Replicating data in Linked Data is able to improve data availability and performances of federated query engines. Existing replication-aware federated query engines mainly focused on source-selection and query decomposition in order to prune redundant sources and reduce intermediate results thanks to data-locality.

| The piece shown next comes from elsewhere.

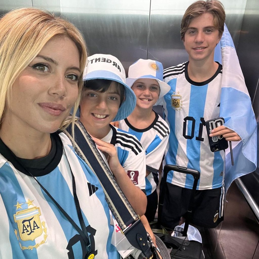 Por medio de sus redes, Wanda también mostró los looks "de cancha" que usaron sus hijos, para llegar al hotel en Doha: desde camisetas argentinas, hasta banderas, gorritos, pilusos y accesorios para el celular, con los colores de la Albiceleste. Así, los hijos de Nara y López se mostraron plenamente felices de ser parte de este momento histórico para la Argentina.

PeNeLoop is a novel parallel join operator that exploits replicated data to improve query execution time. Instead of pruning replicated data sources, PeNeLoop exploits these sources for parallel execution of join operators. We implement PeNeLoop in the federated query engine FedX[1] with the replicated-aware source selection Fedra[2].
Dataset and queries
We use one instance of the Waterloo SPARQL Diversity Test Suite (WatDiv)[3] synthetic dataset with 10^5 triples. We generate 50 000 queries, with subject and object unbounded and predicate bounded, from 500 templates. Then, 100 queries are randomly picked to be executed against our federations. Generated queries are STAR, PATH and SNOWFLAKE shaped queries, we use the DISTINCT modifier and include at least one join.
Queries used during the experiments are available here.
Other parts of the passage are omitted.